The SDSS has so far covered just a third of the sky, and this is just the first batch of 3D data to be released from that. And oh, they’re not looking at stars. That’s so yesterday. This here is but a fragment of the physical structure of the universe, as revealed in these clusters and filaments of galaxies upon galaxies upon (repeat ad infinitum…):
The cosmologists and astrophysicists say that this new 3D data about these large-scale structures will help unravel the mysteries of dark matter (which seems to account for about 25% of the universe’s mass) and dark energy (which exerts enough influence on matter that scientists say it accounts for 70% of the universe). So, yup, all those bright shiny galaxies in the video: less than 5% of the universe.

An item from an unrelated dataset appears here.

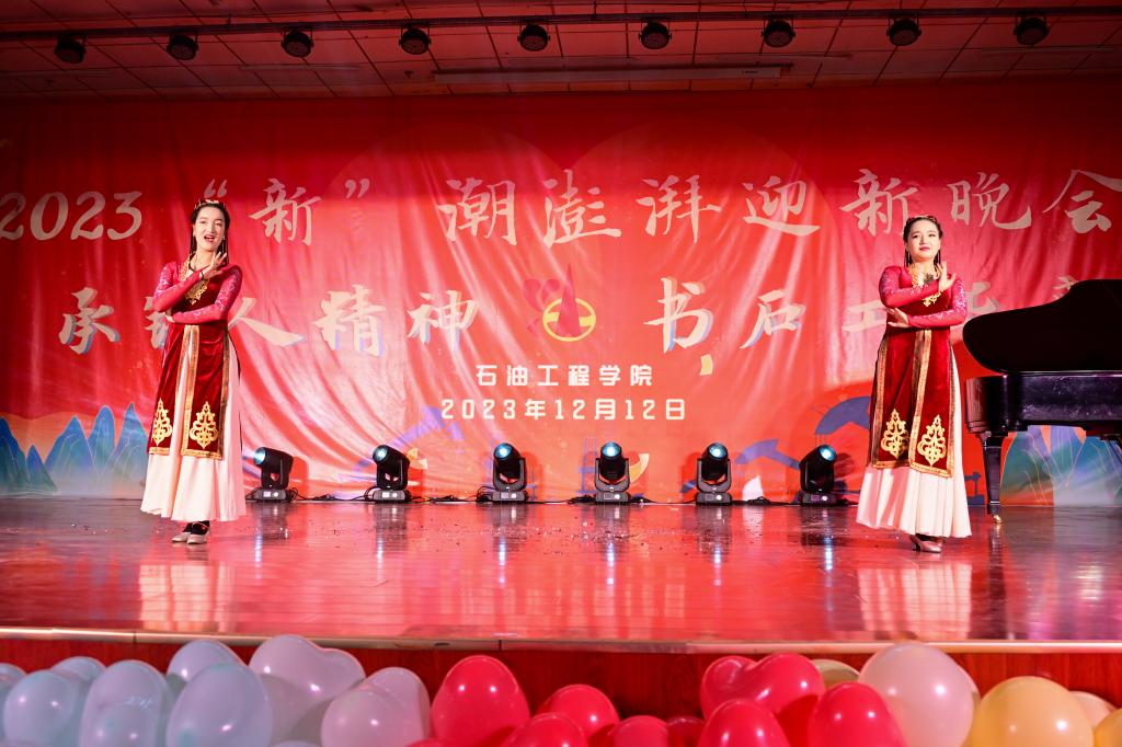 12月12日晚,石油工程學院2023“新”潮澎湃迎新晚會在騰輝大學生活動中心如期舉行。我院黨委書記馬勇、學生工作部(處)副部(處)長樊曉旭、院黨委副書記張建高、安東集團中國大區西北業務部人力行政經理閆遙、機關黨委綜合科朱戰威、校團委副書記孫浩哲、大學生心理成長指導中心辦公室主任焦文潔、院學生工作辦公室主任黃景鵬、科研辦公室任繼超老師及各年級輔導員老師、兄弟院系團委學生會學生代表參加本次晚會。

At the risk of blowing my scientific front here: I can’t help but think that such framing (especially of “dark energy”) is simply a fancy way of saying “we have no idea” what underlies the structure of the universe and the wonder of creation. Is it so hard to posit that this mysterious integrative energy – the fundamental driver and shaper of the formation of all galaxies, stars, planets, forests, and diatoms – is something more like “spirit” or “life force” than what we normally think of as “matter” and “energy”?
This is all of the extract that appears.